INPUT DATA ▸
^^^^

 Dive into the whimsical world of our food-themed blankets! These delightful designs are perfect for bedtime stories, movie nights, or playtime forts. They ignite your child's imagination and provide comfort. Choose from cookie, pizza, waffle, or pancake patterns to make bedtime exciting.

^^^^

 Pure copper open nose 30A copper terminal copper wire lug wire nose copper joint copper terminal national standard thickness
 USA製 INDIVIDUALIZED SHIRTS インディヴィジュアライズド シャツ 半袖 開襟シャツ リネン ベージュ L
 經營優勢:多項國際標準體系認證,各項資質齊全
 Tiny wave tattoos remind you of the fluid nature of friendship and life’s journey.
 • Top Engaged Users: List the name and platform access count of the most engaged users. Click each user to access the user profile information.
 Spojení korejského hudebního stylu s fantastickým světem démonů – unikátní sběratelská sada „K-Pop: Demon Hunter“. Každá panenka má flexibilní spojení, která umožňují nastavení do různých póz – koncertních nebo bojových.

^^^^

TASK BRIEF ▸ Please give an exact copy of the lines above, beginning with the line containing "USA製 INDIVIDUALIZED SHIRTS" and running through the line containing "Tiny wave tattoos", and of no other lines.

REPLY TO THE EXERCISE ▸
 USA製 INDIVIDUALIZED SHIRTS インディヴィジュアライズド シャツ 半袖 開襟シャツ リネン ベージュ L
 經營優勢:多項國際標準體系認證,各項資質齊全
 Tiny wave tattoos remind you of the fluid nature of friendship and life’s journey.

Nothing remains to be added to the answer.